Several good historians have reviewed Marshall work, and there is no way he could have interviewed the survey participants he claimed. Whether others since then have bought into his misconclusions does not alter that he fabricated his research.
VFW
"There is no incontrovertible evidence that Marshall ever asked any infantrymen whether they had fired their weapons at the enemy in any interview conducted with any rifle company. That covers those who fought in Europe, and the very small number of prompt after-action interviews we know that he did conduct in the Pacific. None of which necessarily demonstrate his alleged discovery of the ratio of fire.
This means there is no hard evidence for Marshall’s ratio of fire. Marshall seems to have invented his systematic debriefings of those 400-600 rifle companies...Research revealed that on Makin Island in the Pacific,
Marshall’s after-action interviews showed that green troops did not fail to fire, they fired too much...
the news that Marshall had invented his statistics has not stopped historians and journalists from quoting him, and them. Since 1989, however, some military historians noted that Marshall’s ratio of fire is at best doubtful. They include Michael D. Doubler, John C. McManus, Russell W. Glenn and James B. McPherson (writing on the American Civil War)."

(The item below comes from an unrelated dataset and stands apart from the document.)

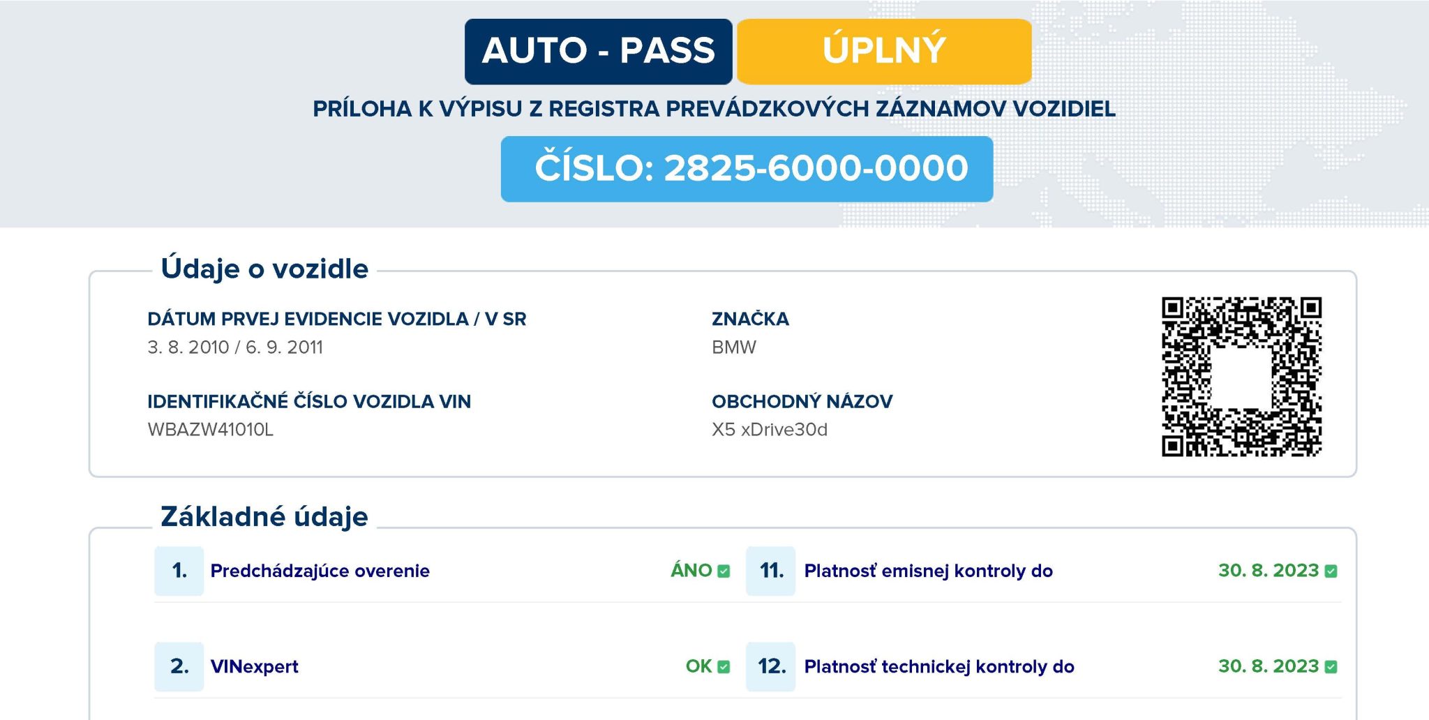 AUTO-Pass poskytuje aktuálne informácie o každom vozidle registrovanom v SR. V najvyššej verzii obsahuje 20 položiek. Získate ho opäť priamo na webe RPZV alebo u poskytovateľov výpisov. Každý nový AUTO-Pass sa zaznamená do RPZV a stáva sa súčasťou historických záznamov o vozidle.

That Marshall's research was a complete fabrication (and in fact impossible with his time constraints) was also expressed to me by Hubert van Tuyll, history chair at ASU and author of
Castles, Battles, and Bombs, Feeding the Bear, American's Strategic Future, and
The Netherlands and World War I.
The point is, that American training focusing on high volumes of fire was based on a flawed assumption based on concocted research and errant social theory.